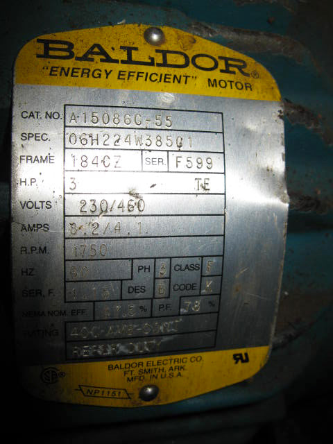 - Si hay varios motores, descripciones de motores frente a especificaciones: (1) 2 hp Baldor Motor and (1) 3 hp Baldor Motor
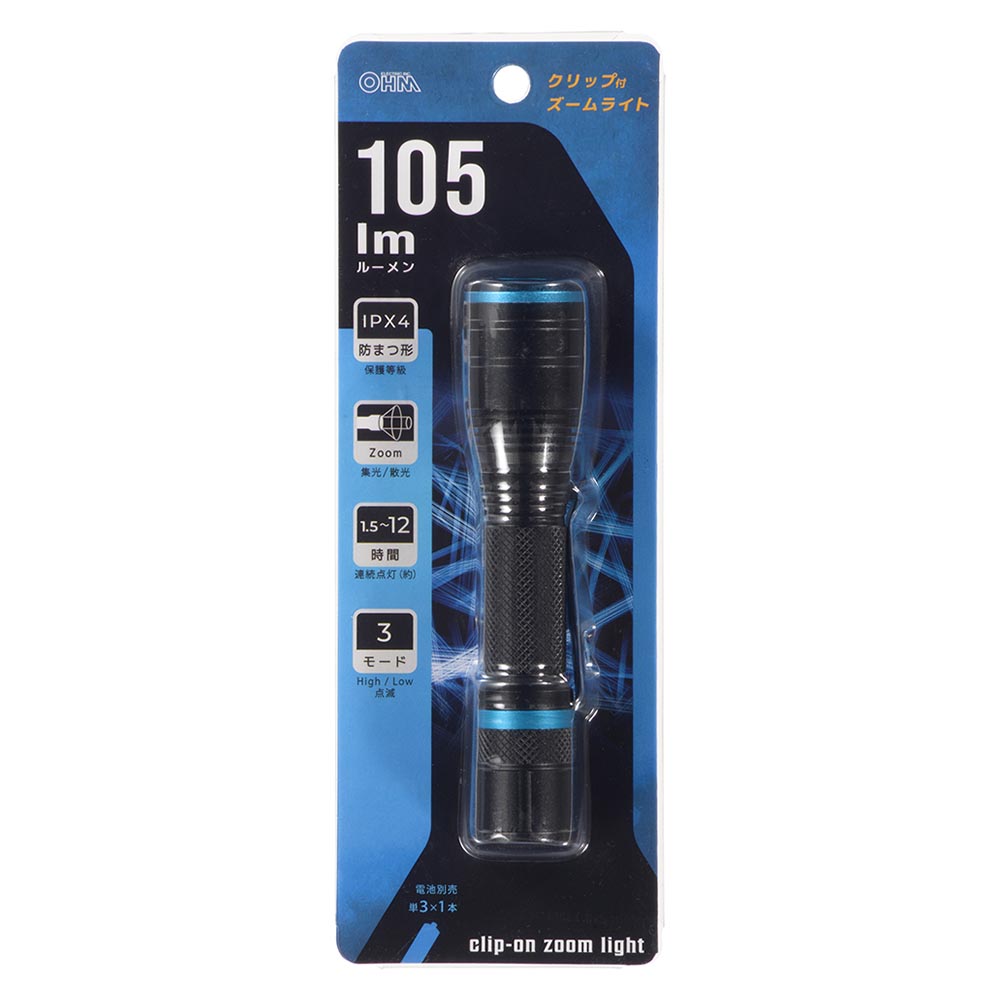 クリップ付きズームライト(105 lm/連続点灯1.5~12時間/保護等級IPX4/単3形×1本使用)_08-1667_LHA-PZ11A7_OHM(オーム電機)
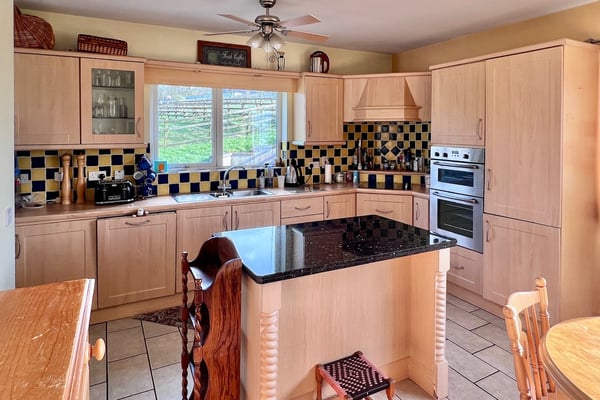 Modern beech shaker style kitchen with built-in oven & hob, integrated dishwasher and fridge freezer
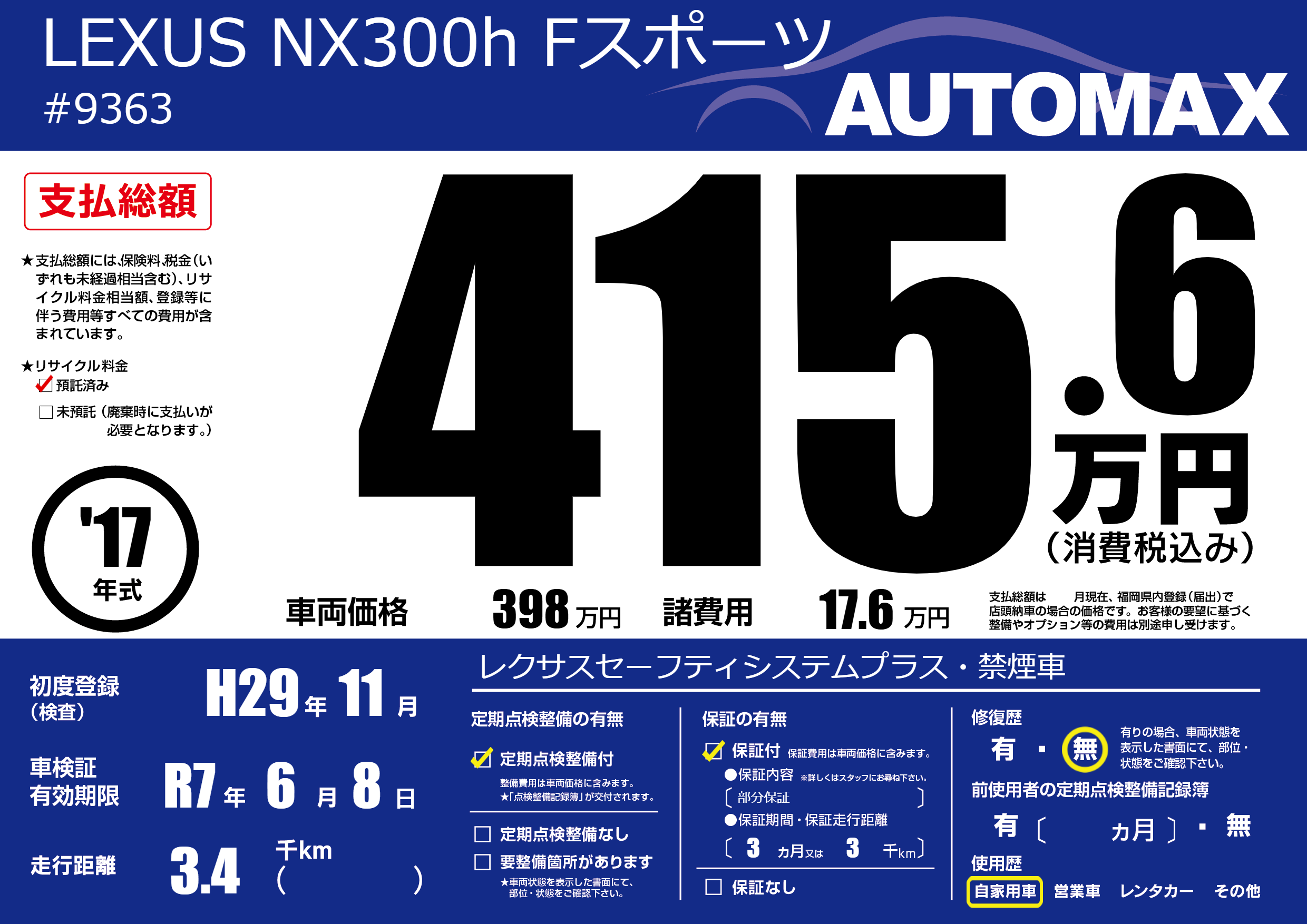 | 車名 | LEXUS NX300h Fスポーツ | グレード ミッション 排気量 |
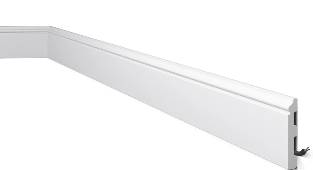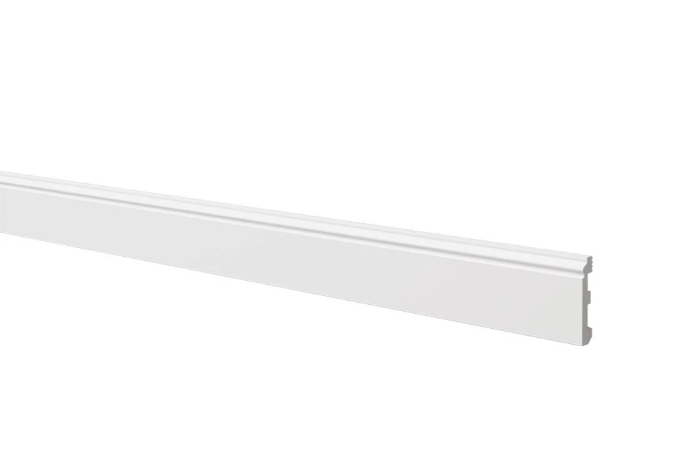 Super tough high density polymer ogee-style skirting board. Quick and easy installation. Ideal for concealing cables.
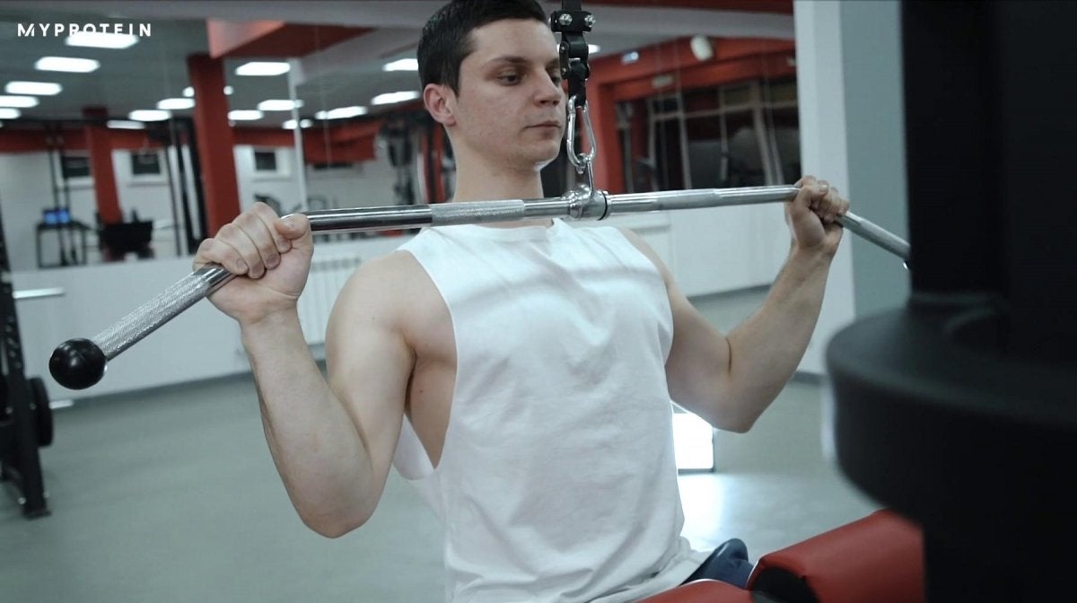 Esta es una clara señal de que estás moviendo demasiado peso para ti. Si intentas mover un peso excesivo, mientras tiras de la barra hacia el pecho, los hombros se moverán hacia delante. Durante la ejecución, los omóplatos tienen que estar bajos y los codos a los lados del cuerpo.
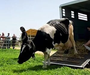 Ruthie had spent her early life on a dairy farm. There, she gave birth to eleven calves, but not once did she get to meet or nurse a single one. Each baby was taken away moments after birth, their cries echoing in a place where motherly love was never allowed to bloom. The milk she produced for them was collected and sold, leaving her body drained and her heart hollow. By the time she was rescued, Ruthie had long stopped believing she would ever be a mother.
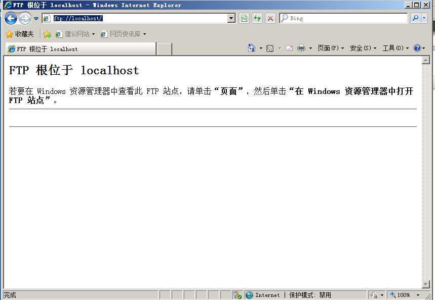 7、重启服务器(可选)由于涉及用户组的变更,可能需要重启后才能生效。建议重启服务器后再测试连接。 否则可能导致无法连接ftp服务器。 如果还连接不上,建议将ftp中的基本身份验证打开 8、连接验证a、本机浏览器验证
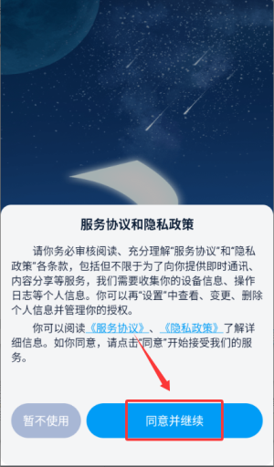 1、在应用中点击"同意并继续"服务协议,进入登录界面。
__________________________________________________
# Assigned task
After removing each picture, print the entries above exactly as they were.

# Solution
 - Si hay varios motores, descripciones de motores frente a especificaciones: (1) 2 hp Baldor Motor and (1) 3 hp Baldor Motor
 クリップ付きズームライト(105 lm/連続点灯1.5~12時間/保護等級IPX4/単3形×1本使用)_08-1667_LHA-PZ11A7_OHM(オーム電機)
 Modern beech shaker style kitchen with built-in oven & hob, integrated dishwasher and fridge freezer
 | 車名 | LEXUS NX300h Fスポーツ | グレード ミッション 排気量 |
 Super tough high density polymer ogee-style skirting board. Quick and easy installation. Ideal for concealing cables.
 Esta es una clara señal de que estás moviendo demasiado peso para ti. Si intentas mover un peso excesivo, mientras tiras de la barra hacia el pecho, los hombros se moverán hacia delante. Durante la ejecución, los omóplatos tienen que estar bajos y los codos a los lados del cuerpo.
 Ruthie had spent her early life on a dairy farm. There, she gave birth to eleven calves, but not once did she get to meet or nurse a single one. Each baby was taken away moments after birth, their cries echoing in a place where motherly love was never allowed to bloom. The milk she produced for them was collected and sold, leaving her body drained and her heart hollow. By the time she was rescued, Ruthie had long stopped believing she would ever be a mother.
 7、重启服务器(可选)由于涉及用户组的变更,可能需要重启后才能生效。建议重启服务器后再测试连接。 否则可能导致无法连接ftp服务器。 如果还连接不上,建议将ftp中的基本身份验证打开 8、连接验证a、本机浏览器验证
 1、在应用中点击"同意并继续"服务协议,进入登录界面。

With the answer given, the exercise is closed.